__Task brief__: Leave out the pictures and retype, exactly, the lines below from the line with "Ensemble pantalon +" up to and including the line with "Plaid Love Floral", nothing more.
*** Opening Given information ***
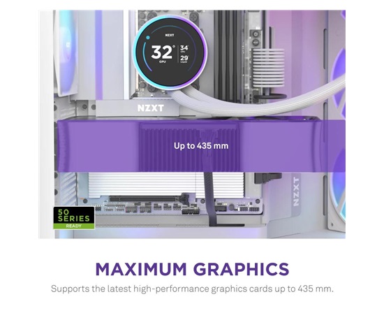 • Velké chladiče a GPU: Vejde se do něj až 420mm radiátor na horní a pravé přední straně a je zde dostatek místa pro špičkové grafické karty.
*** Closing Given information ***
*** Opening Given information ***
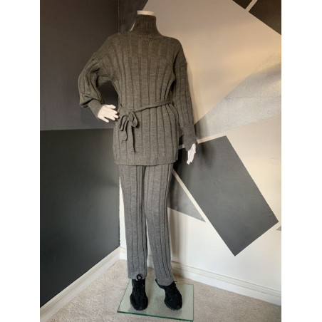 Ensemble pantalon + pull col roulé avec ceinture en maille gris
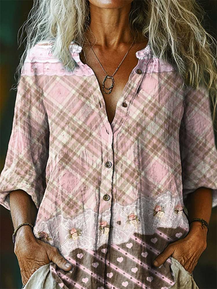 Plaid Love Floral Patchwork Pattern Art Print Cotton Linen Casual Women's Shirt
*** Closing Given information ***
*** Opening Given information ***
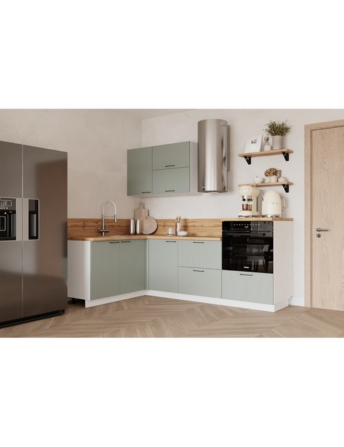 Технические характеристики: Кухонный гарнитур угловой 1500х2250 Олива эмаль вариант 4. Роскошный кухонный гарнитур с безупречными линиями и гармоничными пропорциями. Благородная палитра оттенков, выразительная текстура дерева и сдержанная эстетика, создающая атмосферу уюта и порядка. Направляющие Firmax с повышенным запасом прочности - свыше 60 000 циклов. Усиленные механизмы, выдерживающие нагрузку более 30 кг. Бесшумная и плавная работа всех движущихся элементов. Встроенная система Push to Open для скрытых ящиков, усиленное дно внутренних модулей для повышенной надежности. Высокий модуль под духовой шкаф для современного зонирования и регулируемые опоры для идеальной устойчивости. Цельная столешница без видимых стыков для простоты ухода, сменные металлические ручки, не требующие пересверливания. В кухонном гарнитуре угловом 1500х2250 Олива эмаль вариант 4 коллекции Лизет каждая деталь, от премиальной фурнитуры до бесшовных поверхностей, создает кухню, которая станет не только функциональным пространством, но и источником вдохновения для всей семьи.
*** Closing Given information ***
__Reply to the task__:
 Ensemble pantalon + pull col roulé avec ceinture en maille gris
 Plaid Love Floral Patchwork Pattern Art Print Cotton Linen Casual Women's Shirt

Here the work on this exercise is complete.